- _Information supplied_:
==*==
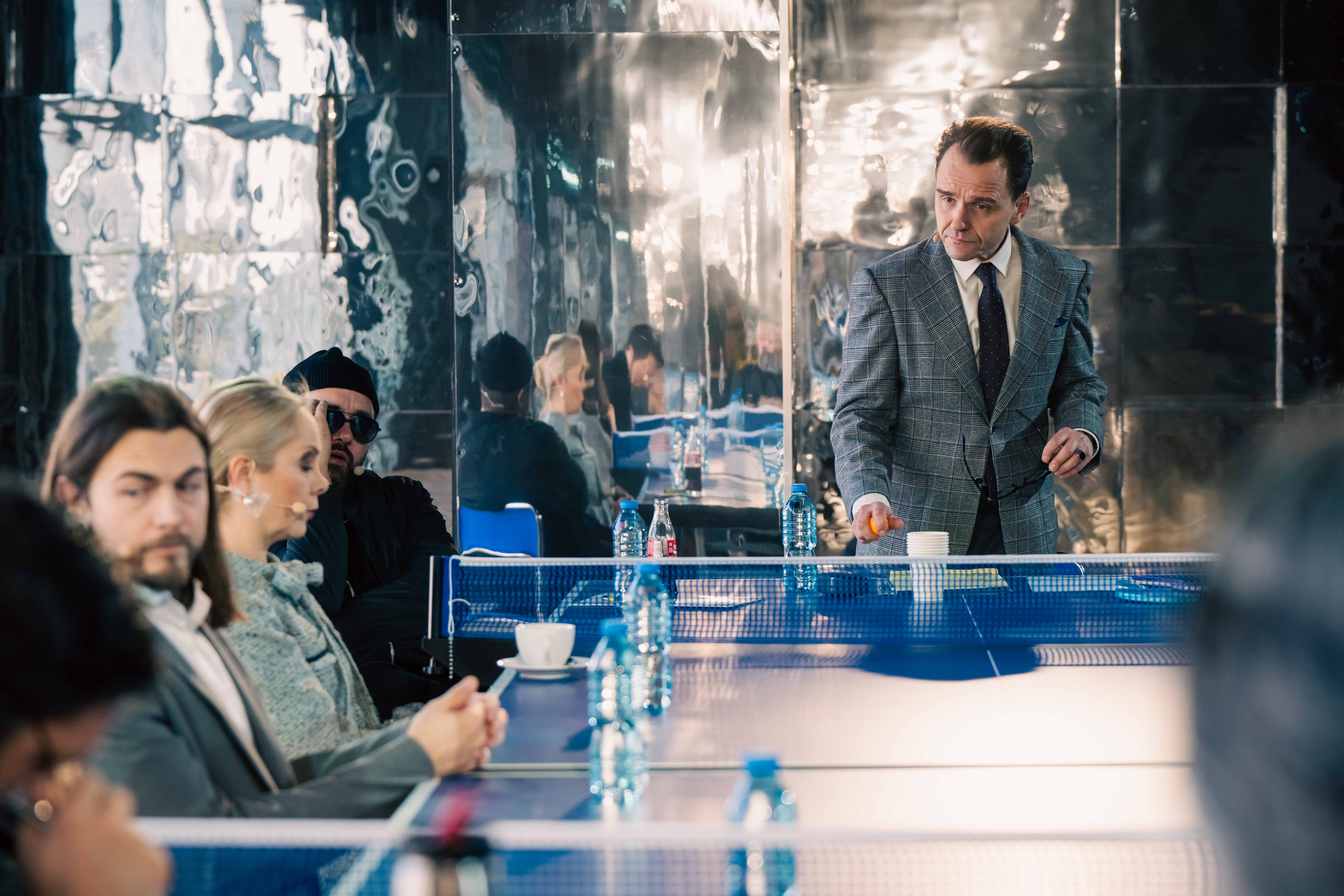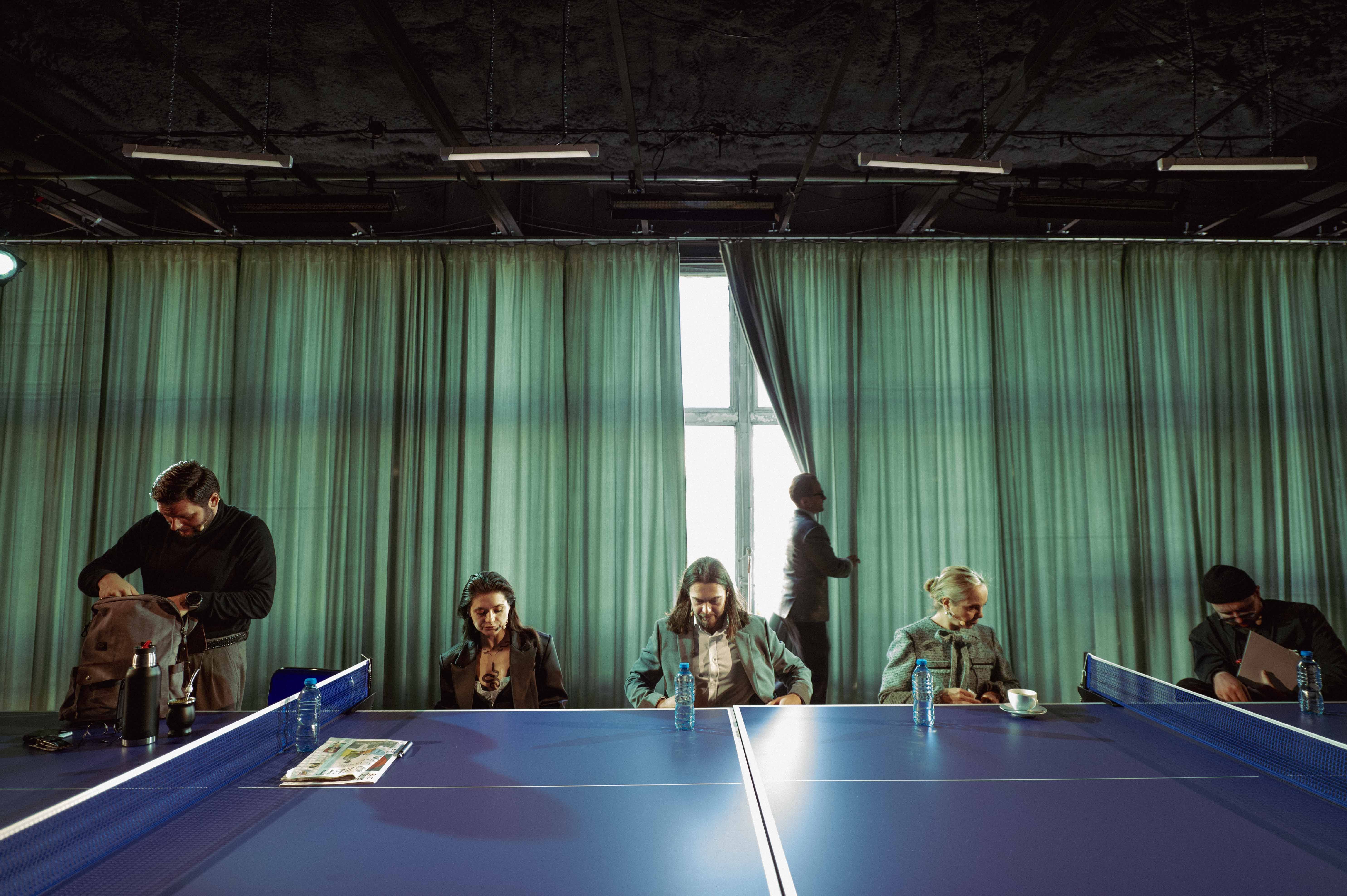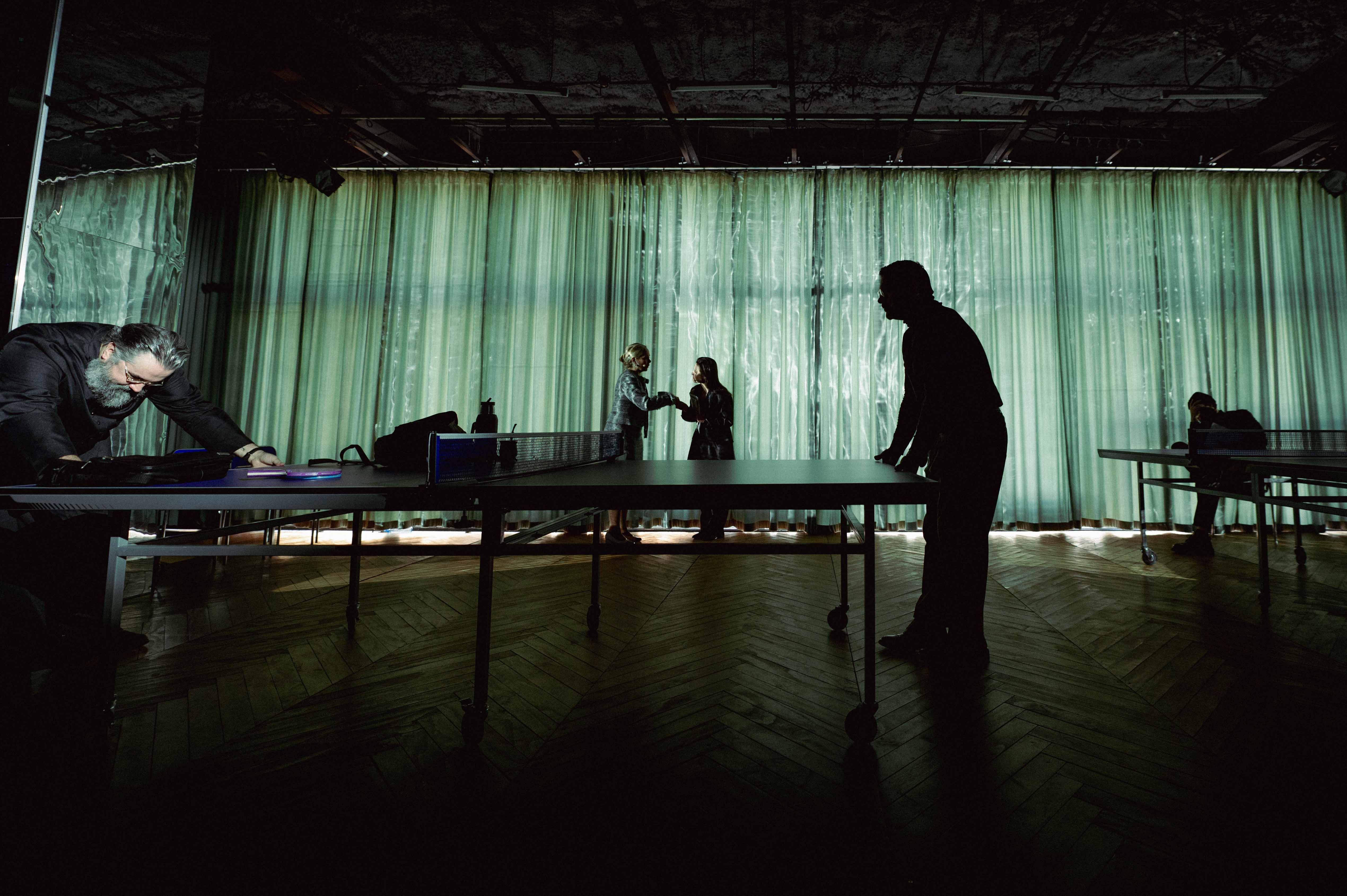Siła spektaklu została osiągnięta dzięki świetnemu aktorstwu. Najbardziej przekonali mnie do siebie Łukasz Kucharzewski jako ks. Konarski oraz Paweł Palcat jako tytułowy prof. Sult. Znakomicie swoją niedużą rolę zagrała też Aleksandra Listwan jako reżyserka teatralna. Całkiem sporo do zagrania miał Bartosz Bulanda jako pisarz, przy czym dla mnie jego postać była zbyt przesadzona. Czy taki człowiek byłby w ogóle sensownym kandydatem do hipotetycznej komisji? Mam wątpliwości... Dobrze wywiązują się z ról Zuza Motorniuk (lekarka), Mateusz Krzyk (psycholog) oraz Jakub Stefaniak (zwykły obywatel). Filozoficzne rozmowy przeplatają etiudy taneczne bohaterów i choć rozumiem, że z jednej strony stanowiły oddech od trudnych rozmów, a z drugiej miały innymi środkami przybliżać nam bohaterów, to trochę nazbyt przedłużały i tak już dość długą historię. Nie mniej same w sobie były znakomite, więc brawo dla autorki choreografii Dominiki Wiak. Bardzo dobrze prezentuje się też scenografia (parkiet, lustra, ping-pongowe stoły przypominające, że to ważna gra) zaprojektowana przez Justynę Elminowską (podobnie jak kostiumy). Świetnym pomysłem okazało się też odsunięcie kotary za aktorami, dzięki czemu przez szyby parterowego budynku Sceny na Piekarach widać było biegnącą tuż za oknami osiedlową uliczkę i spacerujących ludzi. To jeszcze bardziej pogłębiało wrażenie, że spektakl dzieje się tu i teraz, w dzisiejszej Polsce. Ciekawe, że tuż za tymi oknami znajduje się apteka, której neon w kształcie krzyża migał na zielono, zapraszając do wejścia. Z jednej strony krzyż, z drugiej - w świeckiej, marketingowej wręcz poniekąd roli...
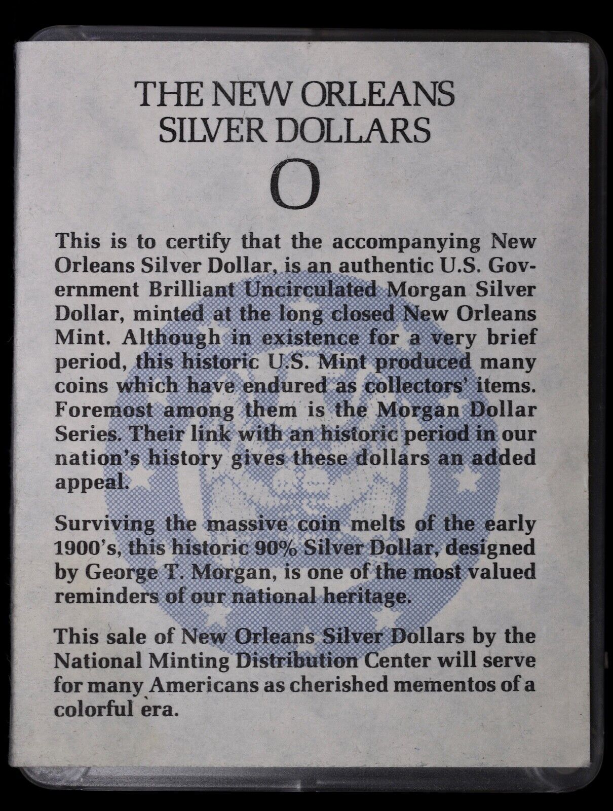 1883-O Morgan Silver Dollar $1 Capital Plastic Holder w/ COA BU Uncirculated UNC
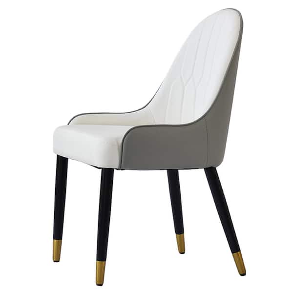 (Set of 2) Ergonomic PU Leather Dining Chair Morden Desk Chair with Solid Wood Metal Legs and Backrest, Gray
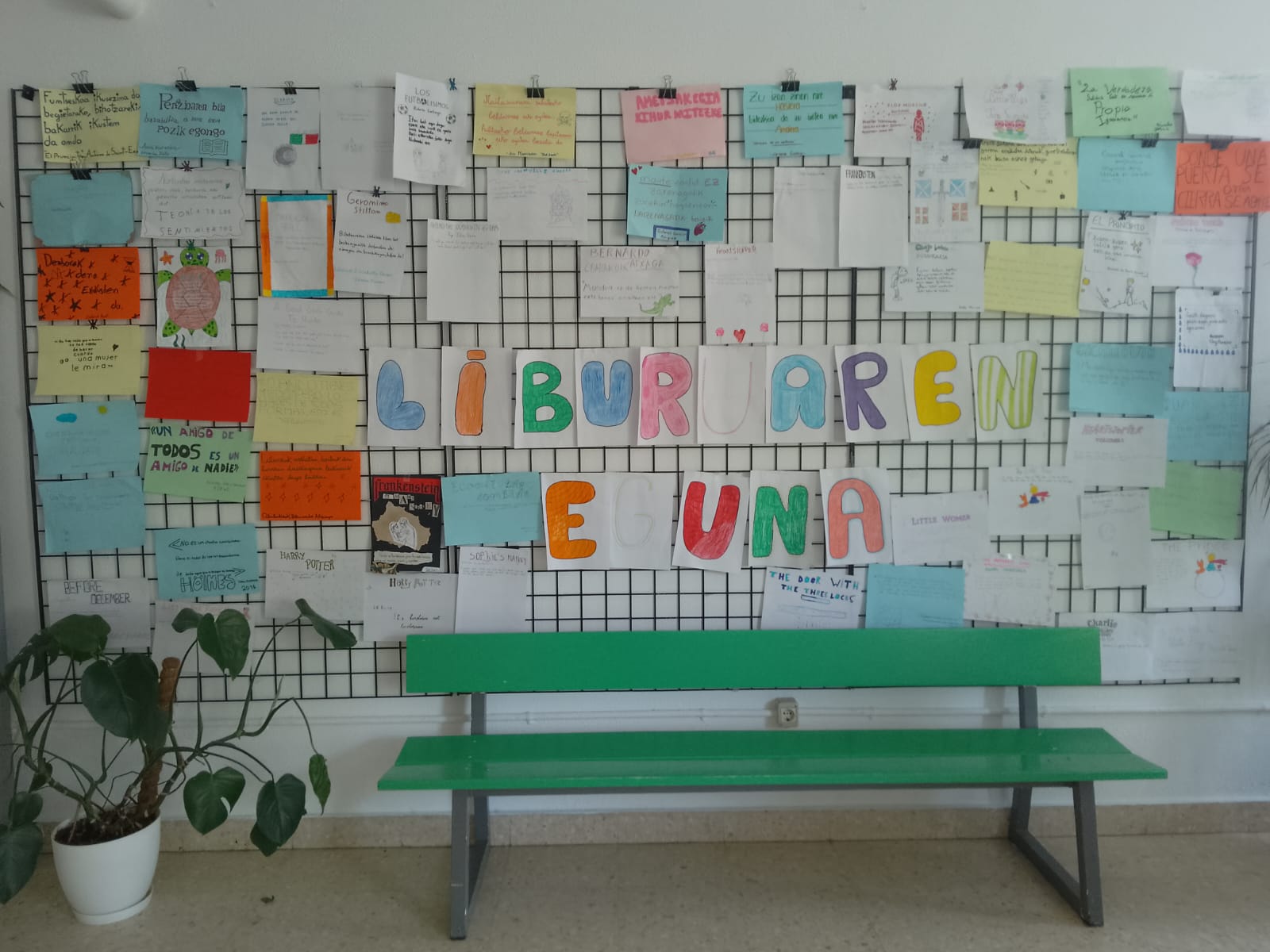 Murala: Idatzitako pasarte horiekin guztiekin, horma-irudi handi bat osatu dute ikastetxeko sarreran. Bertan, gure ikasleen gustu literarioen aniztasuna eta hizkuntzen arteko lotura ikus daiteke modu grafikoan.
==*==
- _About this task_:
Nothing but the lines from the one containing "(Set of 2) Ergonomic" through the last line of the listing should be copied, each word for word and without pictures.

- _The answer_:
 (Set of 2) Ergonomic PU Leather Dining Chair Morden Desk Chair with Solid Wood Metal Legs and Backrest, Gray
 Murala: Idatzitako pasarte horiekin guztiekin, horma-irudi handi bat osatu dute ikastetxeko sarreran. Bertan, gure ikasleen gustu literarioen aniztasuna eta hizkuntzen arteko lotura ikus daiteke modu grafikoan.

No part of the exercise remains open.